[Data excerpts]
------------------------------------------------------------------------

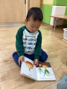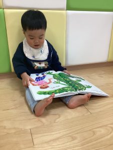 ぼくたちは絵本タイム中〜😊大好きな絵本を楽しんでいます。
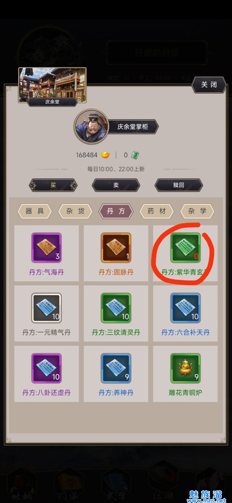 4.去庆余堂买 紫华青玄丹的丹方以及制作药材,成本为2600黄金,每天炼出此丹后吃掉,增加10次历练次数,大概5000多元宝,减去炼丹成本能赚2500左右黄金。
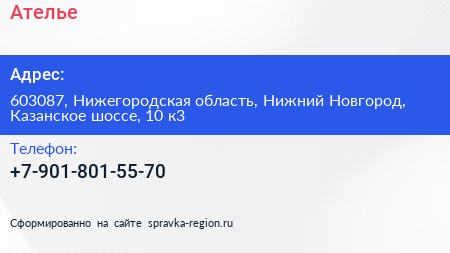 Ателье по адресу 603087, Нижегородская область, Нижний Новгород, Казанское шоссе, 10 к3 в дальнейшем Организация, размещена в следующих категориях:
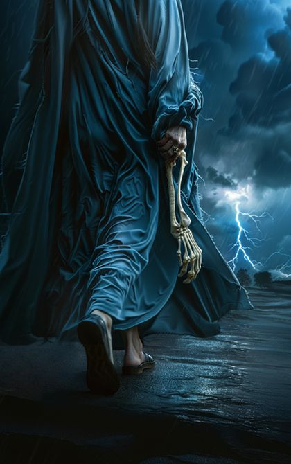 Дойдя до границы кладбища, она дальше не пошла, чтобы во тьме не свалиться в разрытую яму, а подождала, пока мрак снова озарится, и двинулась к белеющей куче мертвых костей. При второй зарнице подобрала череп, при третьей – бестрепетно оторвала от скелета костлявую руку и, совершенно удовлетворенная зловещими трофеями, пустилась в обратный путь.
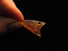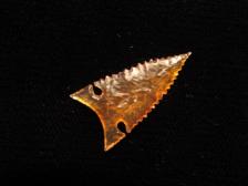 This little side notch is made from a piece of orange colored Montana agate. It sports delicate expanded key hole notches and fine serrations with a needle tip. This is a little point only about an inch but its a cutie. |
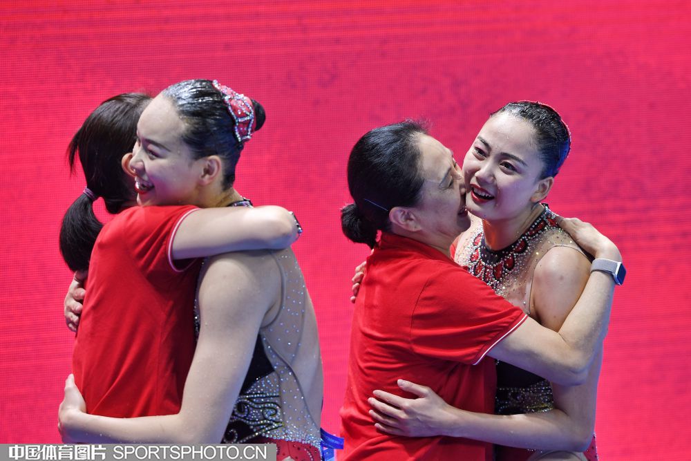 2019年7月18日,2019年国际泳联世锦赛在韩国光州进入第七比赛日,花样游泳比赛继续在念珠综合体育馆进行,在双人自由自选决赛中,中国组合黄雪辰/孙文雁以95.7667的成绩获得亚军。图为黄雪辰(左二)与教练拥抱,孙文雁(右)与中国花游队教练组组长汪洁拥抱。
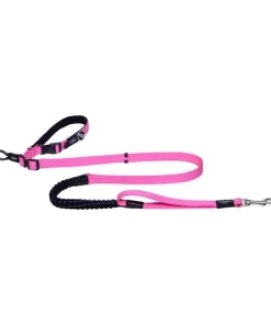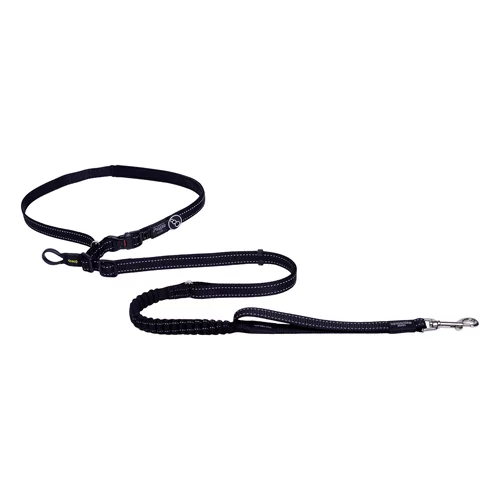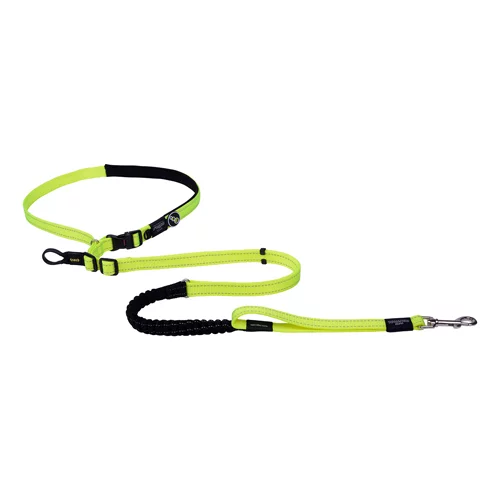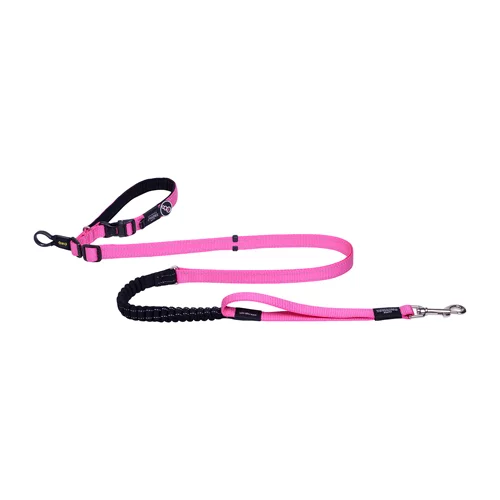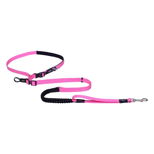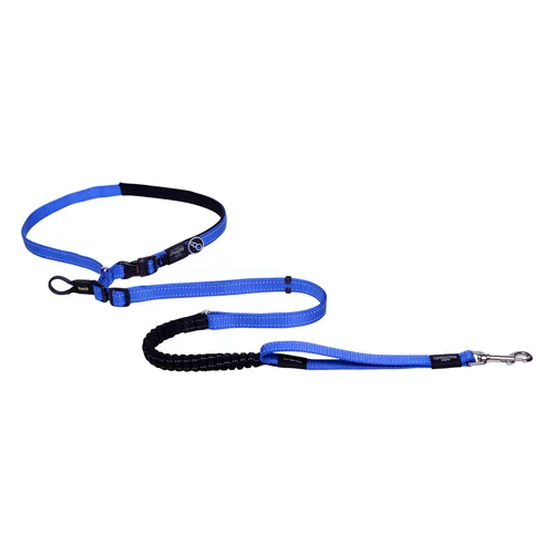 Rogz Handsfree lead designed with dual adjustability, both the waist band and lead length are adjustable to different lengths, offering versatility in use. The shock absorbing webbing reduces strain on both you and your dog while the close control handle improves control in high traffic zones. Reflective stitching for night-time visibility and safety in various conditions.
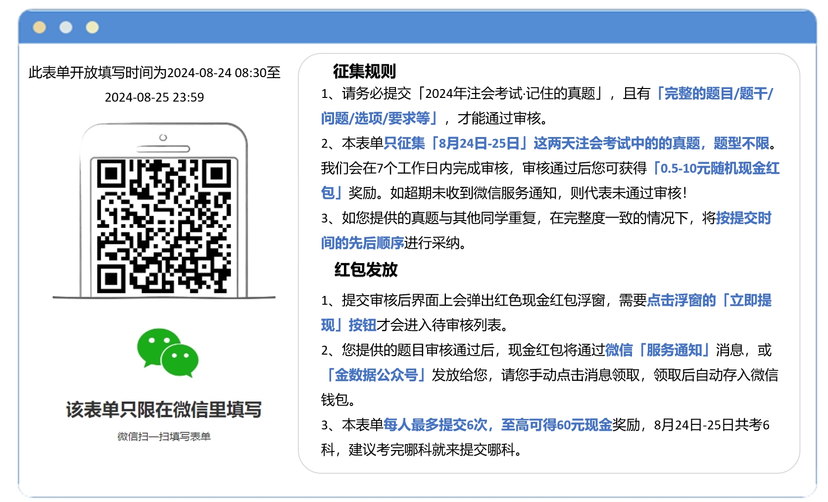 由于注會考試持續(xù)3天,因此本活動將分時段進(jìn)行征集,請各位考生務(wù)必看準(zhǔn)征集真題的日期和題型。完整且有效輸入才更有獲獎機(jī)會。
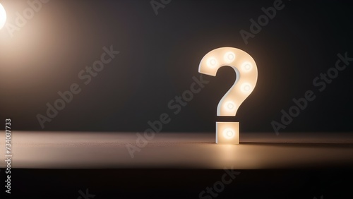 Neon-white question mark on dark background, panoramic image
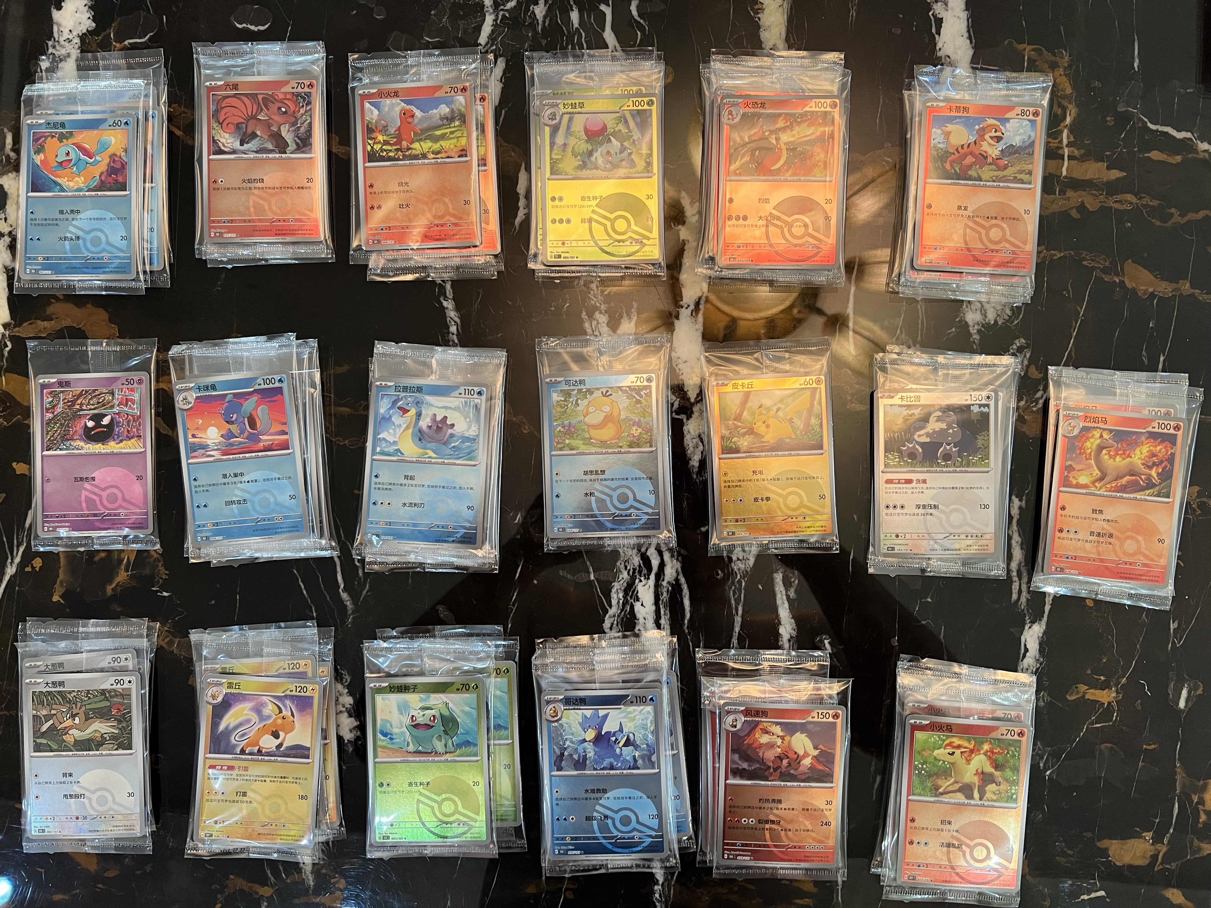 宝可梦 简中 151C 19张 原袋 精灵球闪卡!!打包!!皮卡丘、御三家!!卡非常有质感!!凑套必备!!值得收藏!!

------------------------------------------------------------------------

Instructions to follow → Every line of the data should be copied as it stands, without the images.

Task result →
 ぼくたちは絵本タイム中〜😊大好きな絵本を楽しんでいます。
 4.去庆余堂买 紫华青玄丹的丹方以及制作药材,成本为2600黄金,每天炼出此丹后吃掉,增加10次历练次数,大概5000多元宝,减去炼丹成本能赚2500左右黄金。
 Ателье по адресу 603087, Нижегородская область, Нижний Новгород, Казанское шоссе, 10 к3 в дальнейшем Организация, размещена в следующих категориях:
 Дойдя до границы кладбища, она дальше не пошла, чтобы во тьме не свалиться в разрытую яму, а подождала, пока мрак снова озарится, и двинулась к белеющей куче мертвых костей. При второй зарнице подобрала череп, при третьей – бестрепетно оторвала от скелета костлявую руку и, совершенно удовлетворенная зловещими трофеями, пустилась в обратный путь.
 This little side notch is made from a piece of orange colored Montana agate. It sports delicate expanded key hole notches and fine serrations with a needle tip. This is a little point only about an inch but its a cutie. |
 2019年7月18日,2019年国际泳联世锦赛在韩国光州进入第七比赛日,花样游泳比赛继续在念珠综合体育馆进行,在双人自由自选决赛中,中国组合黄雪辰/孙文雁以95.7667的成绩获得亚军。图为黄雪辰(左二)与教练拥抱,孙文雁(右)与中国花游队教练组组长汪洁拥抱。
 Rogz Handsfree lead designed with dual adjustability, both the waist band and lead length are adjustable to different lengths, offering versatility in use. The shock absorbing webbing reduces strain on both you and your dog while the close control handle improves control in high traffic zones. Reflective stitching for night-time visibility and safety in various conditions.
 由于注會考試持續(xù)3天,因此本活動將分時段進(jìn)行征集,請各位考生務(wù)必看準(zhǔn)征集真題的日期和題型。完整且有效輸入才更有獲獎機(jī)會。
 Neon-white question mark on dark background, panoramic image
 宝可梦 简中 151C 19张 原袋 精灵球闪卡!!打包!!皮卡丘、御三家!!卡非常有质感!!凑套必备!!值得收藏!!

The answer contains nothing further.